# hand signal for the trick bow



## maverick29 (May 26, 2011)

i'm teaching bow to my dog, and she only does it with a lure right now. i haven't worked too much with her on it either though..... 

i use hand signals with verbal cues and i think she does hand signals very well, i point down for down. i move my hand in a circle for roll over, have my hand in the shape of a gun and say bang for play dead. she understands these signals relaly well. i was wondering what a good hand signal would be for bow....and any tips of fading out the lure on that one since my hand is going down to the ground with the treat, she is focused on the treat and not a hand signal in the other hand. any suggestions?


----------



## hanksimon (Mar 18, 2009)

For the hand signal, how about pressing your open palm toward the ground. To fade the lure, try teaching the voice cue at the same time, a fraction of a second before the hand signal. When she starts to bow for the voice cue, then treat using the other hand. 

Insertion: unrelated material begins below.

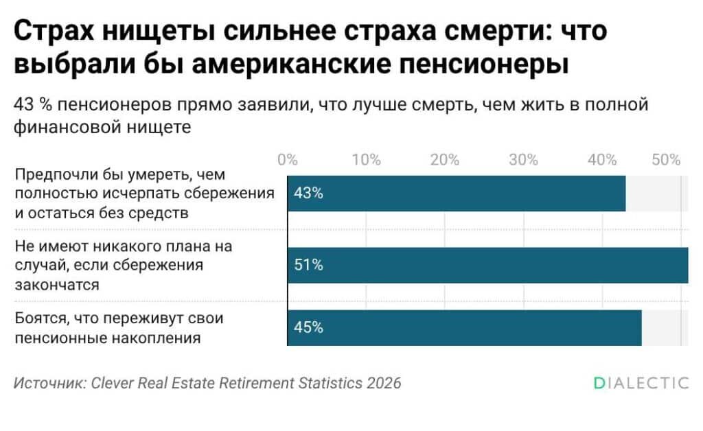 Страх перед полным финансовым крахом стал доминирующим чувством среди пожилых жителей Соединенных Штатов. Об этом сообщает аналитический портал Clever Real Estate. Согласно результатам свежего исследования, 43% американских пенсионеров признались, что предпочли бы смерть полной потере пенсионных накоплений. Ситуация усугубляется отсутствием четкого плана действий в критической ситуации: 51% опрошенных не знают, что будут делать, когда деньги закончатся. При этом 45% респондентов всерьез опасаются, что продолжительность их жизни окажется больше, чем хватит отложенных на старость средств. За последний год ожидания граждан относительно стоимости комфортной жизни на пенсии резко возросли. Если в 2025 году американцы считали достаточной сумму в 580 тысяч долларов, то в текущем году эта планка поднялась до 823 тысяч. В реальности же средние накопления пенсионеров составляют всего 288 тысяч долларов, а около 29% пожилых людей вовсе не имеют никаких сбережений. Такое несоответствие желаемого и

After you fade the lure, you can strengthen the hand signal, then fade the treat.


----------



## Canyx (Jul 1, 2011)

I agree with what hanksimon said!
I use a very exaggerated twirly-hand motion for Bow. Kind of like what stage performers do at the end of a show, if you know what I mean. That way my dog and I can do fancy bows at the same time and he won't look too classy for me


----------